RICOSTRUZIONE UMANITARIA E RICOSTRUZIONE ECONOMICA
Ancora una volta è il rapporto di Feith che rende esplicito il ruolo che si vuole assegnare all’Onu e ai paesi alleati, totalmente subalterno e limitato a compiti umanitari. Una posizione che viene espressa con la solita arroganza e franchezza anche da Richard Perle, già presidente del “Defense Policy Board”, organismo consultivo del Pentagono e del presidente Usa, dimessosi da poco per “conflitto di interessi”. In un incontro organizzato dall’Aei il 15 aprile Perle dichiarava che “non dovremmo scusarci per escludere [dalla ricostruzione] coloro che non hanno avuto interesse e non hanno collaborato alla liberazione dell’Iraq, e l’argomento che noi avremo bisogno di loro, sia perché sarebbe illegittima la loro assenza sia perché potranno mettere denaro sul tavolo, mi sembra fondamentalmente sbagliato.

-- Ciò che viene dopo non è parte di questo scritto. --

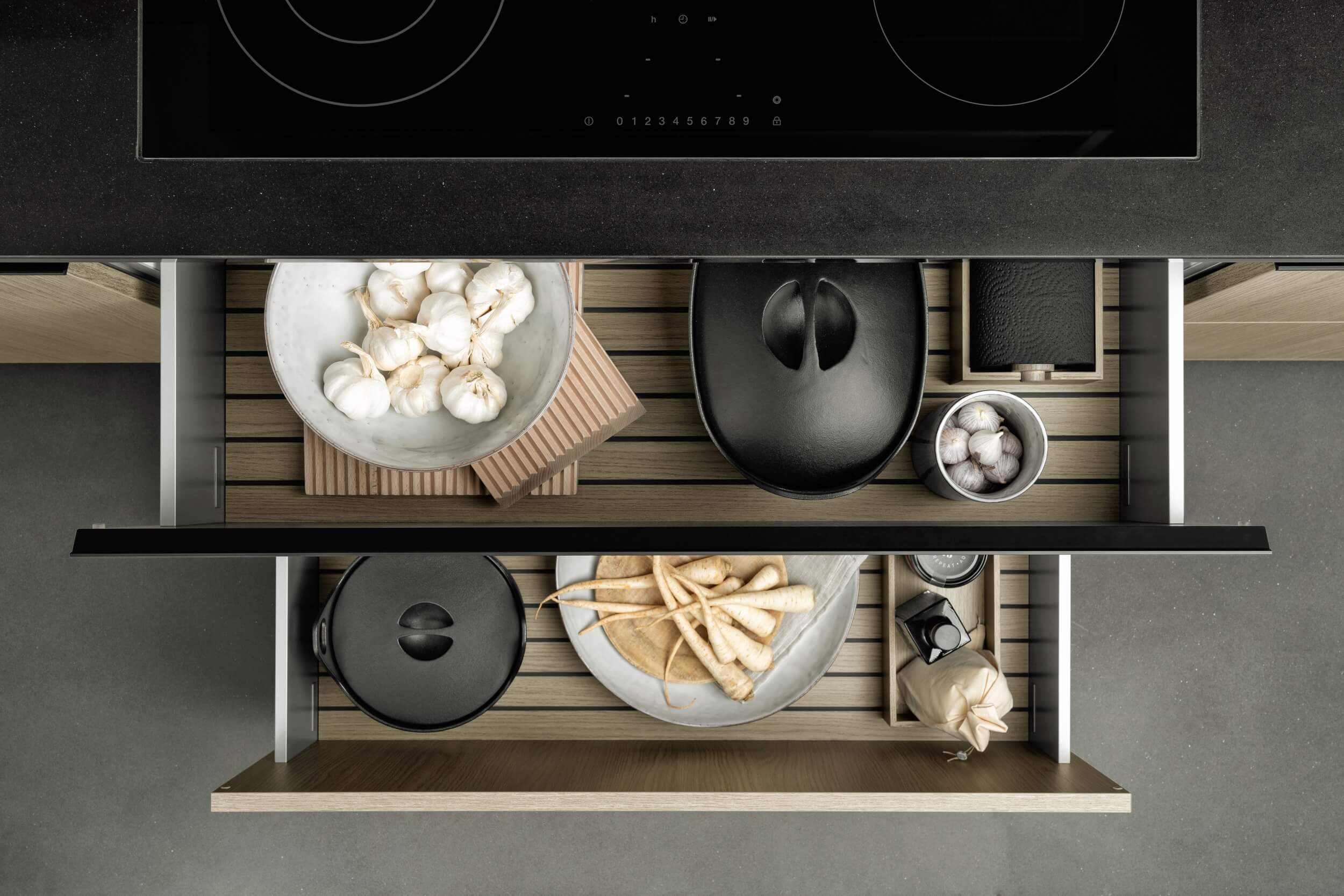 Allocate deep drawers around prep tools, pans, spices, oils and tableware, then place them exactly where the routine happens—prep height near prep, heavier items near hob and ovens.

Se dovremo finanziarci da soli, penso sarebbe meglio farlo, piuttosto che invitare quelli che si sono opposti a questa guerra di liberazione. Ma non dovremo finanziarci da soli, perché fortunatamente l’Iraq ha risorse proprie sostanziali che potranno essere messe al servizio della ricostruzione…”. Questa tanto richiamata ricostruzione rappresenta un business di dimensioni notevoli: si parla di cifre che vanno da 25 a 100 miliardi di dollari e oltre. Dovrebbe essere gestita dalle corporations statunitensi e, in second’ordine, britanniche, con ruoli marginali assegnati forse ad aziende tedesche, mentre le Nazioni unite verrebbero escluse e si dovrebbero occupare solo dei programmi di aiuto alimentare. Per il momento la parte del leone nell’assegnazione degli appalti la fanno alcune multinazionali Usa, tra le quali il gruppo Bechtel, che ha già vinto un appalto per una prima trance di 34 milioni di dollari e che potrà arrivare a 640 milioni di dollari in 18 mesi per progetti di ingegneria infrastrutturale. Il gruppo vede tra i suoi dirigenti personaggi quali l’ex segretario di Stato George Schultz, che fa parte - e se ne capisce il motivo - del “Comitato per la liberazione dell’Iraq”, che dichiara tra i suoi obiettivi quello “di lavorare, oltre che per la liberazione dell’Iraq, per la ricostruzione della sua economia”. In prima fila si trova anche l’onnipresente Halliburton, della quale Dick Cheney è stato funzionario fino a quando è stato eletto vicepresidente degli Stati uniti.

CON CHI FARE L’IMPERO?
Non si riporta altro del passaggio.